The fight to stop the Southlands from being developed continues for a local group, which had a new colourful map produced to show the area's ecological importance.
The British Columbia Ecological Agricultural Trust Society (BCEATS) recently commissioned Briony Penn, a naturalist, environmentalist, artist and map maker, to create an artistic map of the Southlands and Boundary Bay.
"I just wanted something out there so that the community would have another vision of the Southlands that wasn't just development," said BCEATS director Peter Cummings. "I wanted it to be a-political and help this amazing scientific information to get out to the public."
Cummings said several environmental groups, such as the Wilderness Committee, OWL, the Pacific Parklands Foundation and others, have endorsed the map.
"As the Boundary Bay map illustrates, the value of an area like this goes well beyond its use as a port and a place for people to live. It's an important stopover and habitat for numerous birds.
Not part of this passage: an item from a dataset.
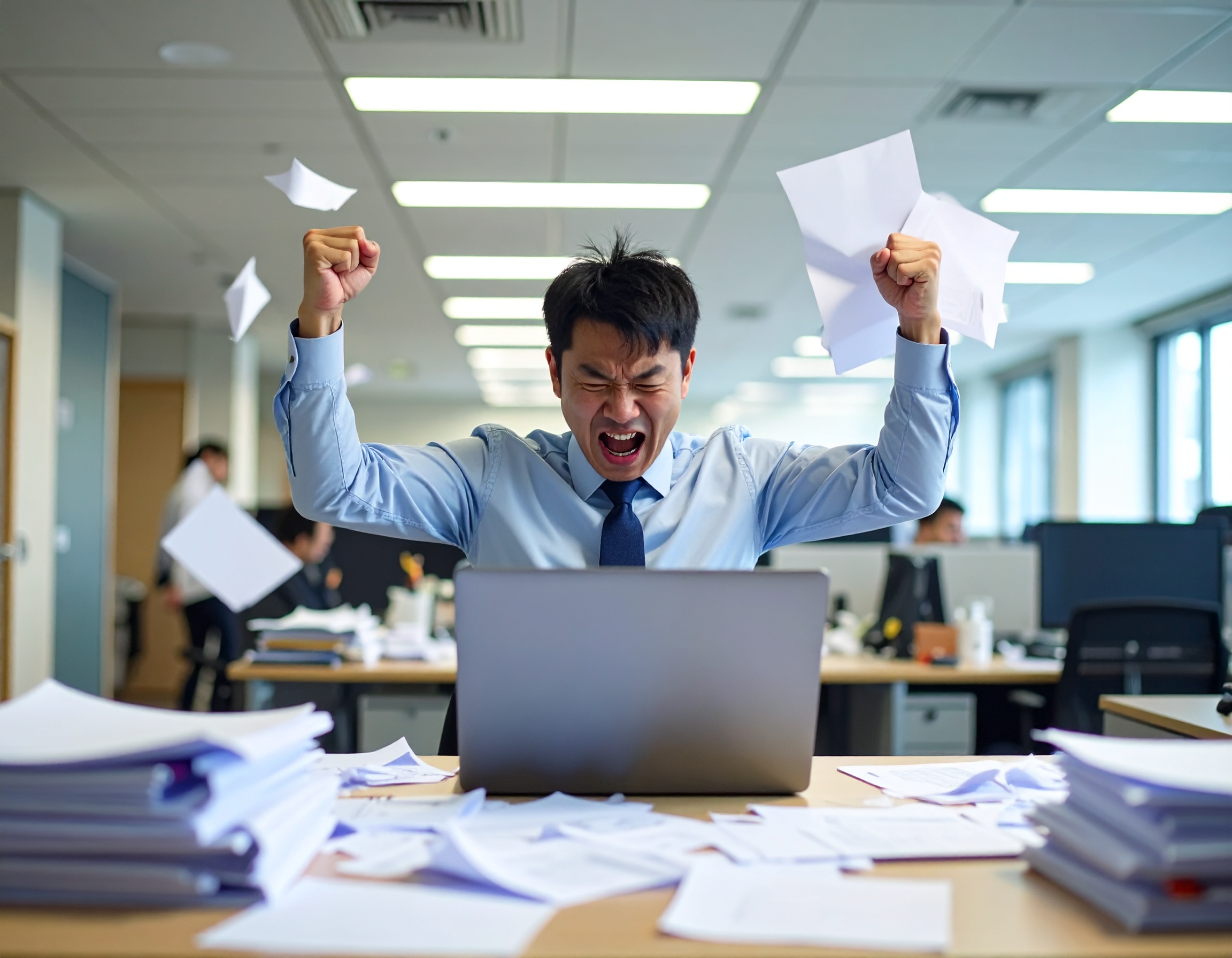 怒り爆発!オフィスで感情を爆発させる男性 怒り 2025.06.21 オフィスで怒りを爆発させた男性が、両手を突き上げて叫ぶ様子を捉えたインパクトのある一枚。デスクには散乱した書類、後ろには冷静な同僚たち。日常のストレスや感情の爆発をリアルに表現しています。 DownLoad Small sizeMedium sizeLarge size この記事のタグ:#オフィス#サラリーマン#ストレス#ビジネスマン#働き方#営業職#怒り#感情爆発#感情表現#書類

It also offers places for many other plants and animals to live," said Denise Coutts, executive director of Pacific Parklands Foundation, which is working on having the map available for download on its website.
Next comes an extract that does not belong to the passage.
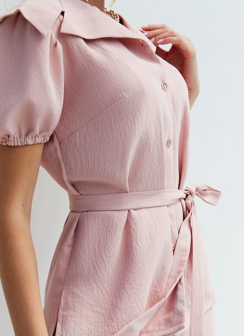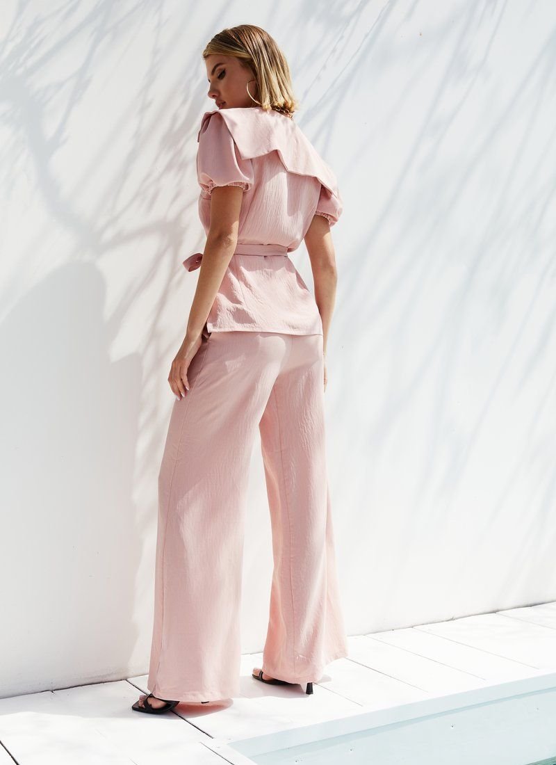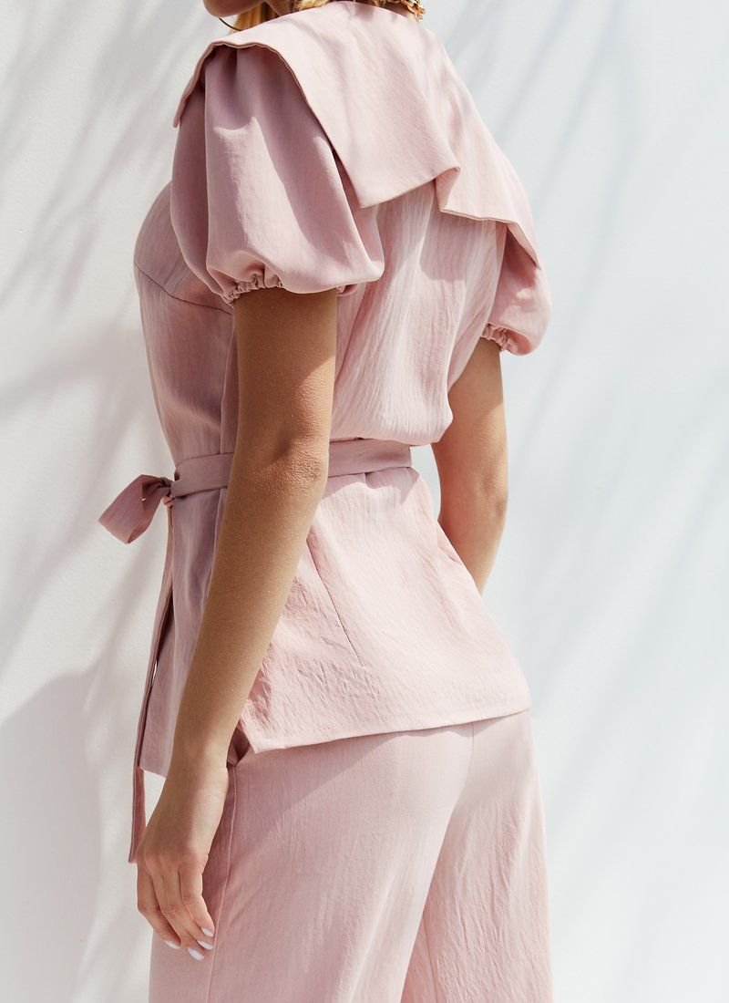 The pink suit with flared trousers and shirt is made of a material that has a light texture. The top was complemented with short lantern sleeves and side slits. Trousers with an inflated fit accentuate the waist. The kit includes a belt.

"Its fields, forests, bogs and marshes are also part of a network of green spaces that provides many natural benefits to the people of the Lower Mainland and beyond."
Coutts said, according to a study by the David Suzuki Foundation and the Pacific Parklands Foundation, benefits provided by all of the Lower Mainland's green spaces and wetlands - such as filtering air and water, combating climate change by absorbing and storing carbon dioxide, and protection from storms and floods - are worth about $5.4 billion a year.
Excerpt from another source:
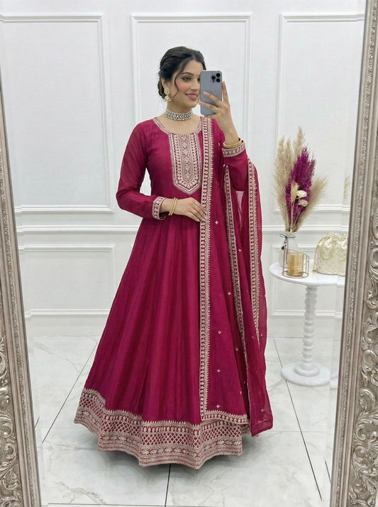 Dark Pink Vichitra Silk Anarkali Gown Set with Embroidered Dupatta

Pitching a $5-million cash offer and $200 million in tax credits to the Century Group, which owns the controversial Southlands property, BCEATS says it hopes company president Sean Hodgins will take advantage of Environment Canada's Ecological Gifts Program, instead of trying to develop the Southlands.
Hodgins earlier dismissed the offer as a publicity stunt.
Delta council officially received Century Group's application to amend the Official Community Plan (OCP) for the 500-plus acre Southlands property this fall and approved a lengthy public consultation process.
The process will start early in 2012 with a series of public information meetings before council considers preliminary approval of the application. If given that approval, the applica-tion would then be subject to its first public hearing.
If approved, the next hurdle would be an actual development application.
The Century Group wants to develop 950 housing units on 20 per cent of the property and give the municipality the remaining 80 per cent, primarily for small-scale farming and public uses.
The housing would be built on the areas with the poorest soil quality, said Hodgins, while measures would be undertaken to improve the agricultural capability of the rest of the site.